An open-hearth furnace is any of several kinds of industrial furnace in which excess carbon and other impurities are burnt out of pig iron to produce steel. Because steel is difficult to manufacture owing to its high melting point, normal fuels and furnaces were insufficient for mass production of steel, and the open-hearth type of furnace was one of several technologies developed in the nineteenth century to overcome this difficulty. Compared with the Bessemer process, which it displaced, its main advantages were that it did not embrittle the steel from excessive nitrogen exposure, was easier to control, and permitted the melting and refining of large amounts of scrap iron and steel.

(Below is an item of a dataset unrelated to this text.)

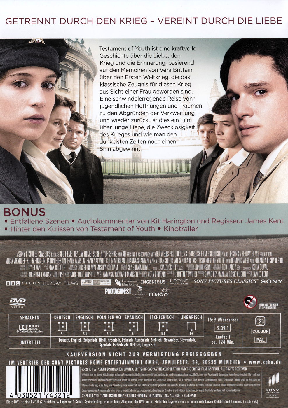 Testament of Youth ist eine kraftvolle Geschichte über die Liebe, den Krieg und die Erinnerung, basierend auf den Memoiren von Vera Brittain über den Ersten Weltkrieg, die das klassische Zeugnis für diesen Krieg aus Sicht einer Frau geworden sind. Eine schwindelerregende Reise von jugendlichen Hoffnungen und Träumen zu den Abgründen der Verzweiflung und wieder zurück, ist dies ein Film über junge Liebe, die Zwecklosigkeit des Krieges und wie man den dunkelsten Zeiten noch einen Sinn abgewinnt.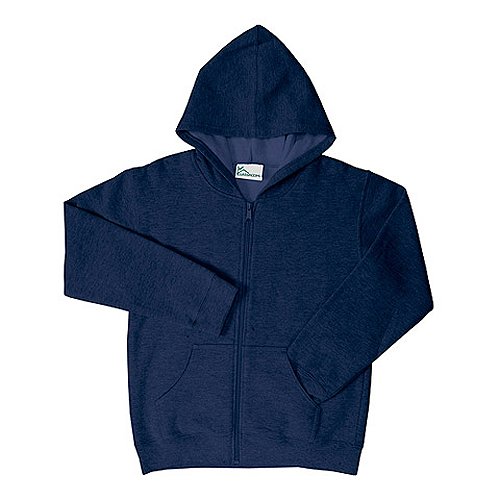 This is a great coat for your little girls school wardrobe by Classroom Uniforms. This zip front Cotton/poly fleece hoodie has elastic cuffs, attached hood, 2 patch pockets..

The open-hearth furnace was first developed by German/British engineer Carl Wilhelm Siemens. In 1865, the French engineer Pierre-Émile Martin took out a licence from Siemens and first applied his regenerative furnace for making steel. Their process was known as the Siemens–Martin process or Martin–Siemens process, and the furnace as an "open-hearth" furnace. Most open hearth furnaces were shut down by the early 1990s, not least because of their slow operation, being replaced by the basic oxygen furnace or electric arc furnace.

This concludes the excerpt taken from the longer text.